◆ TASK OBJECTIVE ◆
An exact copy of all the data below is needed, without its pictures.

◆ COLLECTED MATERIAL ◆
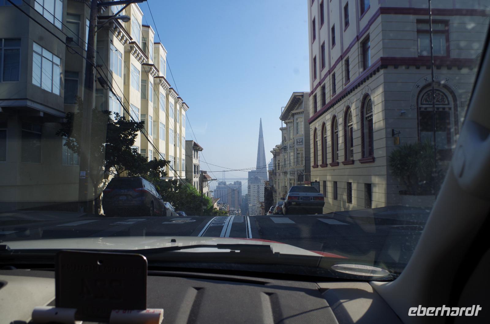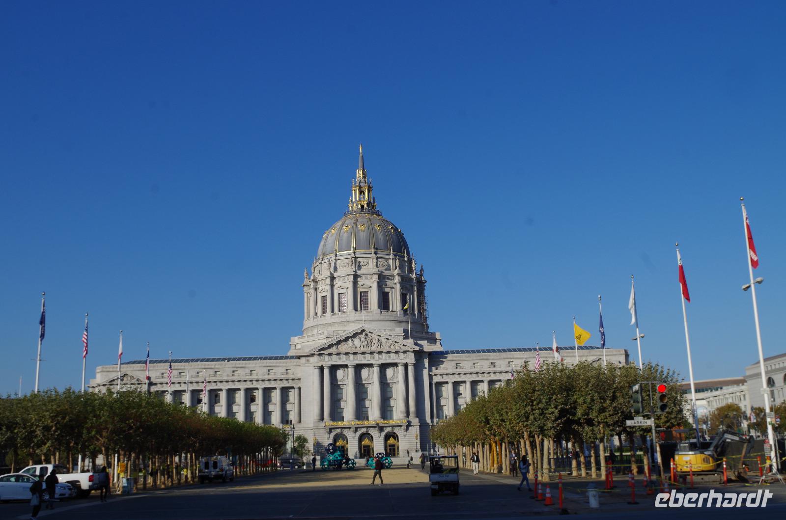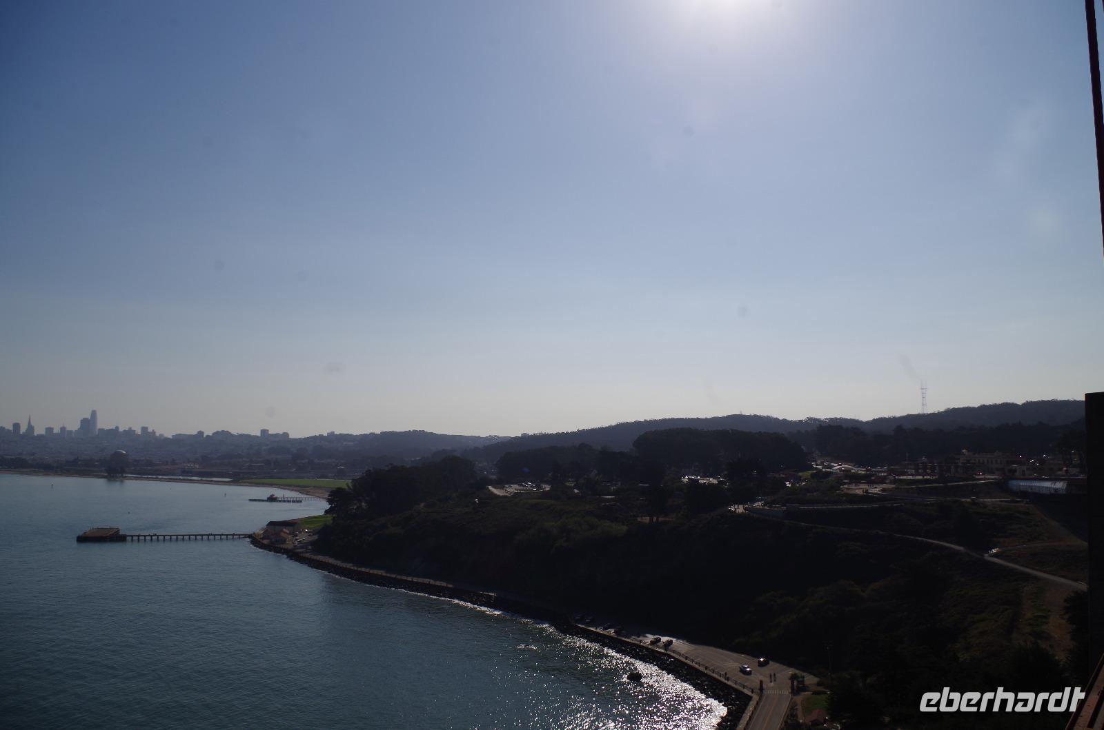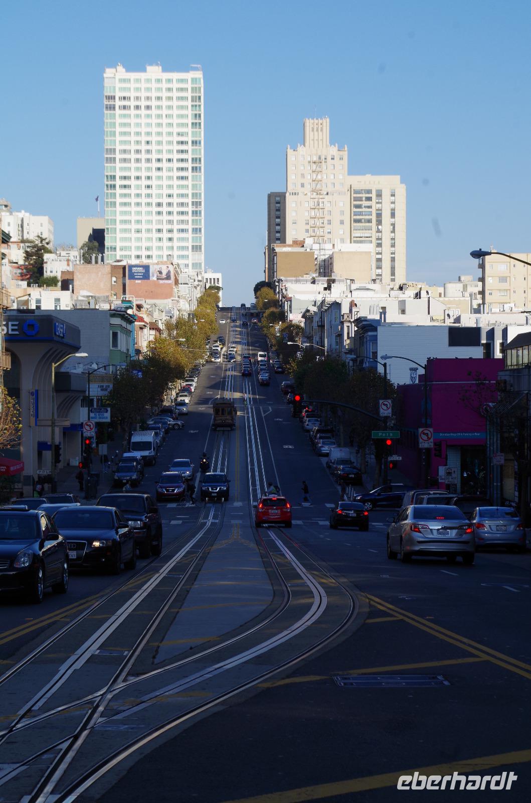 Nach einem doch recht anstrengenden Anreisetag starten wir in einen sonnigen Tag mit einem guten Frühstück. Ungewöhnlich ist sicherlich für uns das Essen mit Plastikbesteck, was aber in vielen Hotels in den USA alltäglich ist. Um 08.30 Uhr werden wir von Catharina und der Panama-Gruppe abgeholt, so dass unsere Stadtrundfahrt zugleich beginnen kann. Wir fahren Richtung North Beach am italienischen Viertel und der Kirche "Saints Peter and Paul Church" vorbei. Unser erster Foto-Stopp ist am Rathaus "City Hall". Bevor wir die 1970 fertiggestellte "Kathedrale Mariä Himmelfahrt", oder auch "Cathedral of Saint Mary of the Assumption", besichtigen, legen wir eine Harmoniepause im japanischen Viertel ein. Anschließend fahren wir weiter zum Postcard Row und am Crissy Field vorbei zu einem sehr beliebten Fotomotiv in San Francisco, der unter Leitung von Joseph Strauss entworfenen berühmten Golden Gate Bridge. Hier entsteht auch unser erstes Gruppenfoto, von welchem noch viele weitere Fotos folgen werden ;-) Diese rund 2.789 Meter lange Hängebrücke (Gesamtlänge einschließlich der Auffahrtsrampen) stellt die Verbindung zwischen Martin County und der Stadt an der nördlichsten Spitze der Halbinsel dar. Der Bau hat 1933 begonnen und ist rund vier später fertiggestellt wurden. Die Kosten haben rund 35 Millionen Dollar betragen. Die Brücke trägt die ungewöhnliche Farbe "international orange", was zwar komisch klingt, die Farbe der Brücke passt aber wunderbar ins Landschaftsbild. Interessant ist vielleicht auch, dass die Mautgebühr von aktuell 7 US-Dollar nur in südlicher Richtung zur Stadt eingefordert wird. Die Brücke ist rund 27,4 Meter breit, die Pfeiler sind 227 Meter hoch, die Entfernung zum Meeresspiegel beträgt 67 Meter, der Kabeldurchmesser beträgt 92 Zentimeter und die Kabellänge circa 2.332 Meter. Dann fahren wir zum Fisherman's Wharf und zum Fährhafen zur Gefängnisinsel Alcatraz am Pier 33. Die Überfahrt beginnt um 13.30 Uhr und dauert nur wenige Minuten. Für einen Besuch von Alcatraz sind rund zwei Stunden einzuplanen. Wir erhalten Audioguides mit deutschen Erklärungen und Erzählungen, welche das damalige Leben der Häftlinge sehr authentisch und interessant wiedergegeben. Im Jahre 1934 ist der Umbau des ehemaligen Militärstützpunkts zum Militärgefängnis und später zur Bundesstrafanstalt erfolgt. Geschlossen wurde sie 1963 aufgrund steigender Unterhaltungs- und Betriebskosten. Zu den bekanntesten Häftlingen zählen die berüchtigten Insassen Al "Scarface" Capone, Alvin "Creepy" Karpis, Robert Stroud - der "Vogelmann von Alcatraz" oder "Doc" Barker. Weitere Daten und Fakten sind: Es hat 14 Ausbrüche gegeben, das Zellengebäude ist nie voll belegt gewesen, die Häftlinge sind durchschnittlich 8 bis 10 Jahre auf Alcatraz eingeschlossen gewesen und es hat keine Hinrichtungen auf Alcatraz gegeben. Interessant ist sicher auch, dass es sowohl keine weiblichen Gefängnisaufseher als auch weibliche Insassen auf Alcatraz gegeben hat. Die Reisebegleitung Sabine der Panama-Gruppe kommt sogar ins Gespräch mit einem ehemaligen Häftling, welcher genau an diesem Tag sein geschriebenes Buch vorstellt. Jährlich statten mehrere Millionen Menschen der zur Golden Gate Recreational Area gehörenden Gefängnisinsel einen Besuch ab. Gegen 15.00 Uhr fahren wir wieder zurück zum Fisherman's Wharf und verabschieden uns von der Panama-Gruppe. Sie werden morgen mit dem Bus nach Los Angeles fahren, während wir einen weiteren Tag in San Francisco genießen dürfen. Aber heute steht uns noch ein besonderes Highlight bevor! Wir fahren gegen 16.00 Uhr mit der berühmten und vielmals in Filmen vorkommenden Kabelstraßenbahn "Cable Car". Dies ist wirklich ein Erlebnis für sich, auch wenn die Fahrt mit der Cable Car California Line nur wenige Minuten dauert. Nach der Fahrt fahren wir zum Hotel zurück und verabschieden uns freundlich von unserer örtlichen Reiseleiterin Catharina. Sie wird die Panama-Gruppe nach Los Angeles begleiten. Um 18.00 Uhr treffen wir uns zum gemeinsamen Spaziergang am Fisherman's Wharf entlang zum Pier 39, wo wir die vielen wirklich faul in der Abendsonne liegenden Seerobben beobachten und besonders deren lustigen Geräuschen lauschen. Wenig später gönnen wir uns ein leckeres Abendessen im mexikanischen Restaurant "Mangos" am Pier 39. Das Essen ist zwar ganz gut, aber dank einer Gesamtrechnung mit zwei verschiedenen Steuern ohne Prozentangabe und einem bereits einkalkulierten Trinkgelds verzögert sich die Bezahlung fast schon ins Unendliche! Somit ist es zu empfehlen, immer nach getrennten Rechnungen vor der Bestellung zu fragen. Gegen 21.00 Uhr spazieren wir entspannt zum Hotel zurück und verabschieden uns bis zum nächsten Morgen. Ein weiterer spannender Tag wartet auf uns!
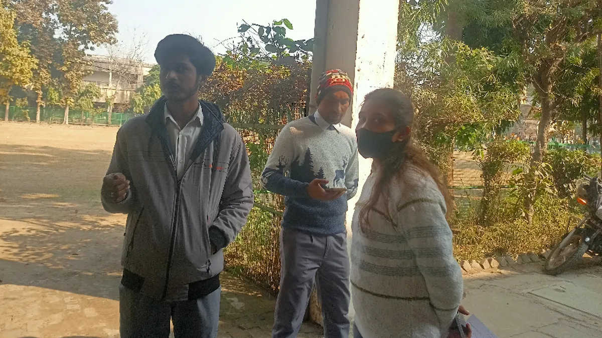 बाहर खड़े छात्र-छात्राएं
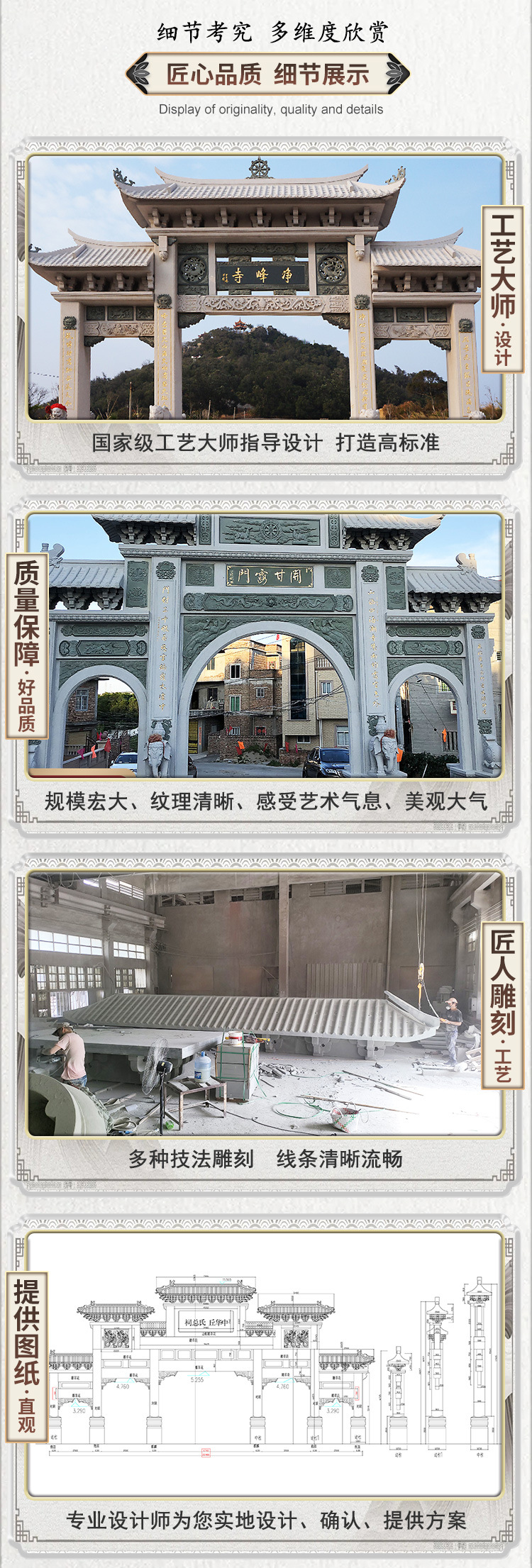 Процесс гравировки Hui'an stone carving archway carving craftsmanship

◆ SOLUTION FOR THIS TASK ◆
 Nach einem doch recht anstrengenden Anreisetag starten wir in einen sonnigen Tag mit einem guten Frühstück. Ungewöhnlich ist sicherlich für uns das Essen mit Plastikbesteck, was aber in vielen Hotels in den USA alltäglich ist. Um 08.30 Uhr werden wir von Catharina und der Panama-Gruppe abgeholt, so dass unsere Stadtrundfahrt zugleich beginnen kann. Wir fahren Richtung North Beach am italienischen Viertel und der Kirche "Saints Peter and Paul Church" vorbei. Unser erster Foto-Stopp ist am Rathaus "City Hall". Bevor wir die 1970 fertiggestellte "Kathedrale Mariä Himmelfahrt", oder auch "Cathedral of Saint Mary of the Assumption", besichtigen, legen wir eine Harmoniepause im japanischen Viertel ein. Anschließend fahren wir weiter zum Postcard Row und am Crissy Field vorbei zu einem sehr beliebten Fotomotiv in San Francisco, der unter Leitung von Joseph Strauss entworfenen berühmten Golden Gate Bridge. Hier entsteht auch unser erstes Gruppenfoto, von welchem noch viele weitere Fotos folgen werden ;-) Diese rund 2.789 Meter lange Hängebrücke (Gesamtlänge einschließlich der Auffahrtsrampen) stellt die Verbindung zwischen Martin County und der Stadt an der nördlichsten Spitze der Halbinsel dar. Der Bau hat 1933 begonnen und ist rund vier später fertiggestellt wurden. Die Kosten haben rund 35 Millionen Dollar betragen. Die Brücke trägt die ungewöhnliche Farbe "international orange", was zwar komisch klingt, die Farbe der Brücke passt aber wunderbar ins Landschaftsbild. Interessant ist vielleicht auch, dass die Mautgebühr von aktuell 7 US-Dollar nur in südlicher Richtung zur Stadt eingefordert wird. Die Brücke ist rund 27,4 Meter breit, die Pfeiler sind 227 Meter hoch, die Entfernung zum Meeresspiegel beträgt 67 Meter, der Kabeldurchmesser beträgt 92 Zentimeter und die Kabellänge circa 2.332 Meter. Dann fahren wir zum Fisherman's Wharf und zum Fährhafen zur Gefängnisinsel Alcatraz am Pier 33. Die Überfahrt beginnt um 13.30 Uhr und dauert nur wenige Minuten. Für einen Besuch von Alcatraz sind rund zwei Stunden einzuplanen. Wir erhalten Audioguides mit deutschen Erklärungen und Erzählungen, welche das damalige Leben der Häftlinge sehr authentisch und interessant wiedergegeben. Im Jahre 1934 ist der Umbau des ehemaligen Militärstützpunkts zum Militärgefängnis und später zur Bundesstrafanstalt erfolgt. Geschlossen wurde sie 1963 aufgrund steigender Unterhaltungs- und Betriebskosten. Zu den bekanntesten Häftlingen zählen die berüchtigten Insassen Al "Scarface" Capone, Alvin "Creepy" Karpis, Robert Stroud - der "Vogelmann von Alcatraz" oder "Doc" Barker. Weitere Daten und Fakten sind: Es hat 14 Ausbrüche gegeben, das Zellengebäude ist nie voll belegt gewesen, die Häftlinge sind durchschnittlich 8 bis 10 Jahre auf Alcatraz eingeschlossen gewesen und es hat keine Hinrichtungen auf Alcatraz gegeben. Interessant ist sicher auch, dass es sowohl keine weiblichen Gefängnisaufseher als auch weibliche Insassen auf Alcatraz gegeben hat. Die Reisebegleitung Sabine der Panama-Gruppe kommt sogar ins Gespräch mit einem ehemaligen Häftling, welcher genau an diesem Tag sein geschriebenes Buch vorstellt. Jährlich statten mehrere Millionen Menschen der zur Golden Gate Recreational Area gehörenden Gefängnisinsel einen Besuch ab. Gegen 15.00 Uhr fahren wir wieder zurück zum Fisherman's Wharf und verabschieden uns von der Panama-Gruppe. Sie werden morgen mit dem Bus nach Los Angeles fahren, während wir einen weiteren Tag in San Francisco genießen dürfen. Aber heute steht uns noch ein besonderes Highlight bevor! Wir fahren gegen 16.00 Uhr mit der berühmten und vielmals in Filmen vorkommenden Kabelstraßenbahn "Cable Car". Dies ist wirklich ein Erlebnis für sich, auch wenn die Fahrt mit der Cable Car California Line nur wenige Minuten dauert. Nach der Fahrt fahren wir zum Hotel zurück und verabschieden uns freundlich von unserer örtlichen Reiseleiterin Catharina. Sie wird die Panama-Gruppe nach Los Angeles begleiten. Um 18.00 Uhr treffen wir uns zum gemeinsamen Spaziergang am Fisherman's Wharf entlang zum Pier 39, wo wir die vielen wirklich faul in der Abendsonne liegenden Seerobben beobachten und besonders deren lustigen Geräuschen lauschen. Wenig später gönnen wir uns ein leckeres Abendessen im mexikanischen Restaurant "Mangos" am Pier 39. Das Essen ist zwar ganz gut, aber dank einer Gesamtrechnung mit zwei verschiedenen Steuern ohne Prozentangabe und einem bereits einkalkulierten Trinkgelds verzögert sich die Bezahlung fast schon ins Unendliche! Somit ist es zu empfehlen, immer nach getrennten Rechnungen vor der Bestellung zu fragen. Gegen 21.00 Uhr spazieren wir entspannt zum Hotel zurück und verabschieden uns bis zum nächsten Morgen. Ein weiterer spannender Tag wartet auf uns!
 बाहर खड़े छात्र-छात्राएं
 Процесс гравировки Hui'an stone carving archway carving craftsmanship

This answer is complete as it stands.